Al Qaeda in Brazil?
10:00 AM, Apr 7, 2011 • By JAIME DAREMBLUM
The Brazilian magazine Veja is reporting that al Qaeda members have established an active presence in South America’s largest country, as have militants associated with Hezbollah, Hamas, and other terrorist groups. They are apparently engaged in fundraising, recruitment, and strategic planning. Earlier this week, Aldo Donzis, a leading figure in the Argentine Jewish community, spoke to the JTA news agency and voiced alarm about the revelations.
“We have high concern about fundamentalist movements in Latin America and about recruitment activities of fundamentalist movements,” Donzis said. “We shared this information with Latin American parliamentarians last July and they agreed with our information. But the situation is getting worse. In Argentina, we have seen graffiti written in Arabic calling for jihad which coincided with the visit of Iranians here. Also, this graffiti was seen in Bolivia. We understand that Brazil needs to feel worried and act.”
Terrorists have long found haven in South America’s so-called Triple Frontier, which encompasses the intersection of Brazil, Argentina, and Paraguay. This area is known for being a Wild West of lawlessness, drug trafficking, and organized crime. Argentina is especially sensitive to increased terrorist activity in the region. During the 1990s, it suffered two deadly bombings orchestrated by Hezbollah and Iran. The first (in 1992) destroyed the Israeli embassy in Buenos Aires; the second (in 1994) demolished a Jewish community center in the same city.
Speaking of Iran, the head of U.S. Southern Command, General Douglas Fraser, testified before the Senate Armed Services Committee on Tuesday and declared that “Iran continues expanding regional ties to support its own diplomatic goal of reducing the impact of international sanctions connected with its nuclear program.
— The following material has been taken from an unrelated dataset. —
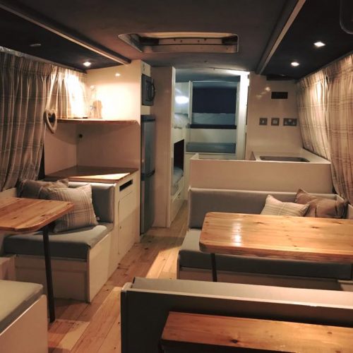 This Retro bus has a vintage chic main cabin with 2x Double Beds and 2x Single beds
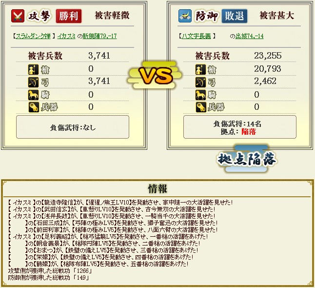 #603 弓騎馬隊、発射 2015/7/16 19:12 10章, 合戦記録 ネタもなく、しばし放置しておりました ようやく弓騎馬の研究が終了しまして攻撃参加させてます そんな中、出したばっかりの出城を発見!早速弓騎馬部隊、発射 赤備えで突っ込んだ先陣たちが次々に弾かれていく これは着弾した方がちと気まずい。だが遂に着弾時間に 炸裂!ウマイヨ~ しかし出城の場所を任意で選べるようになって陣張りが難しいですな

While much of Iran’s engagement in the region has been with Venezuela and Bolivia, it has nearly doubled the number of embassies in the region in the past decade and hosted three regional heads of state in 2010.”
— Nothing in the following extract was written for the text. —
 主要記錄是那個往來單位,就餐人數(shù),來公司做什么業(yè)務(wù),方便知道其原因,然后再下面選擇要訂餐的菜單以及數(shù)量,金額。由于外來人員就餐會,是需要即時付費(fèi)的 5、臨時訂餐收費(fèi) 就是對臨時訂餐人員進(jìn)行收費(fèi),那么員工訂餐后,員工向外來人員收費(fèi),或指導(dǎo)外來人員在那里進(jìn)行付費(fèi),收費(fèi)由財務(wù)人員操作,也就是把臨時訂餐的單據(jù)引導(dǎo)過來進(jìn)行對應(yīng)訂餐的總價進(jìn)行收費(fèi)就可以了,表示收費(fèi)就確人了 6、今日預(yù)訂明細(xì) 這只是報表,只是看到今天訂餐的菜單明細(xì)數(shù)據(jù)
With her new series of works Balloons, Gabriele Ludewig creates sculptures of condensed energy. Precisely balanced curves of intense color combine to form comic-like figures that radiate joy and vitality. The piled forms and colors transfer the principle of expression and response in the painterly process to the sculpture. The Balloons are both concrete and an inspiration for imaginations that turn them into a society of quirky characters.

General Fraser expressed concern that “there are flights between Iran and Venezuela on a weekly basis, and visas are not required for entrance into Venezuela or Bolivia or Nicaragua.” He also confirmed that “members of violent extremist organizations from the Middle East remain active in Latin America and the Caribbean and constitute a potential threat. Hezbollah supporters continue to raise funds within the region to finance their worldwide activities. Several entities affiliated with Islamic extremism are increasing efforts to recruit adherents in the region, and we continue to monitor this situation closely.”
Yet another reason for the Obama administration to rethink its passive approach to Latin America.
Jaime Daremblum, who served as Costa Rica’s ambassador to the United States from 1998 to 2004, is director of the Center for Latin American Studies at the Hudson Institute.